Practice Patterns for N-acetylcysteine Dosing for Acetaminophen Toxicity in the United States.

Abstract

Background: Although the FDA approved acetaminophen toxicity dosing regimen for intravenous n-acetylcysteine (NAC) is a three-bag regimen, alternate regimens have been published which are generally simpler, and decrease errors and adverse effects. It is not clear how pervasive alternative regimens are used in hospitals in the US and reasons for a change from the FDA regimen.

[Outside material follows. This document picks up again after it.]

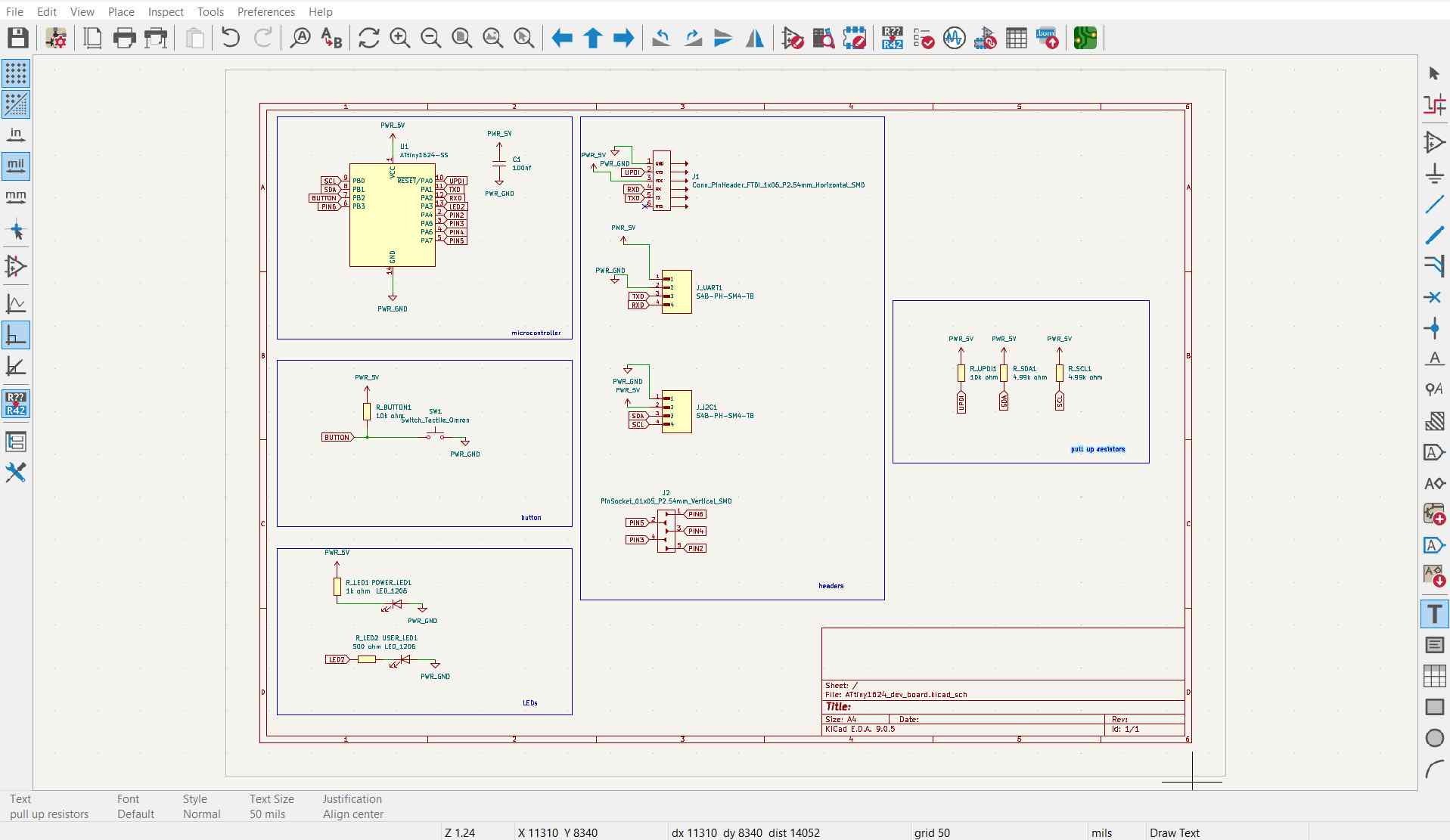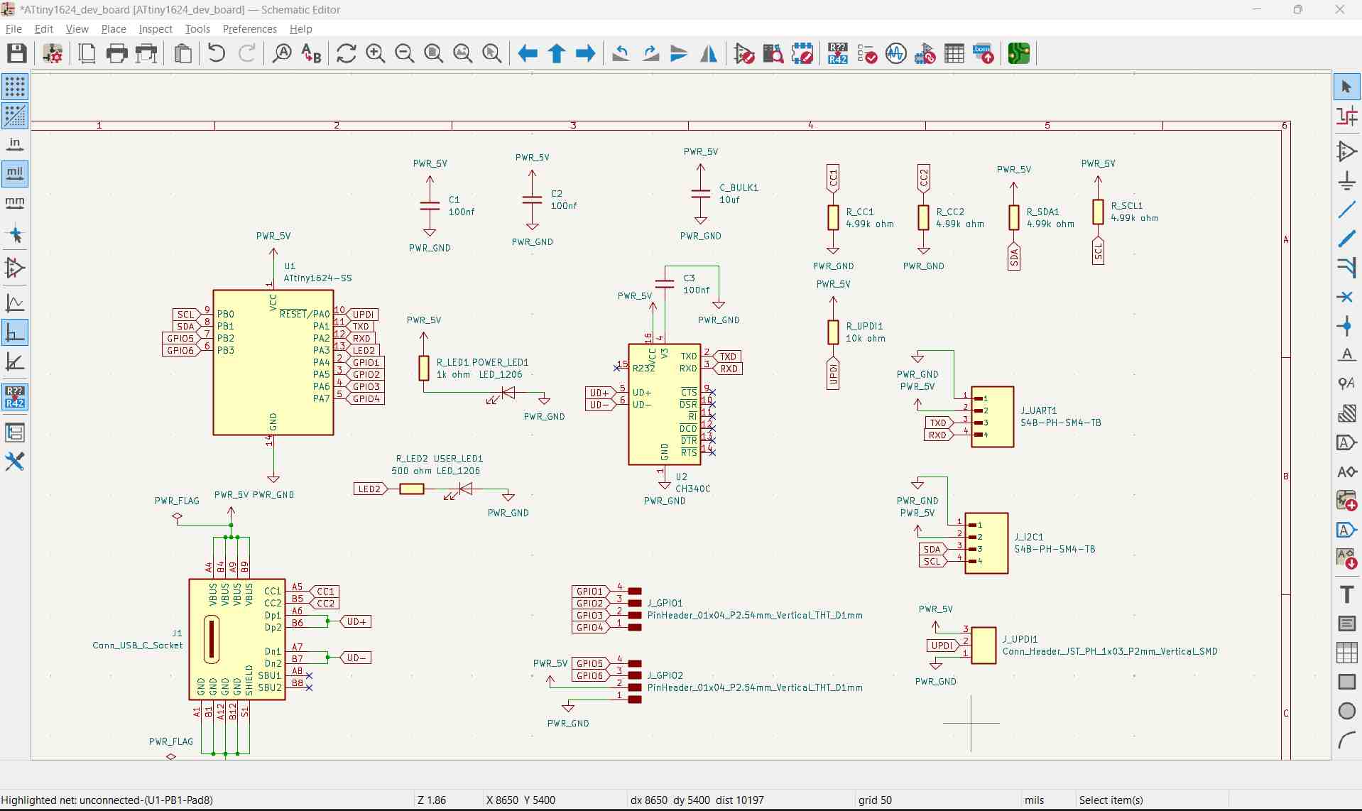 For constructing the development board, I will be focusing mainly on various communication protocols like I2C and UART, and also UPDI for programming.

Objective: Characterize practice patterns for treating acetaminophen toxicity. Methods: A pilot-tested, electronic survey containing demographic and practice pattern questions for acetaminophen toxicity management was sent to residency program directors. The survey was open for 4 weeks with several reminder e-mails sent to non-responders. Descriptive statistics were used to summarize the data. Results: There were 119 responses (9.2% response rate). Responses were representative of all geographic areas in the US and were most commonly from community hospitals (67.2%) and those with 300 or more beds (72.2%). Nearly two-thirds used the FDA approved NAC regimen, whereas others used an alternate regimen. Reasons for making the change were for simplicity, to decrease errors or adverse events, or based on local poison center recommendations. More than one-third of respondents reported not using a maximum dosing weight. Conclusions: N-acetylcysteine is usually administered intravenously using the FDA approved regimen for acetaminophen toxicity. The weight for dosing was commonly capped at 100 kg, but some institutions did not use a maximum. Alternative intravenous regimens have been implemented at some institutions with the impetus for change being safety and simplicity.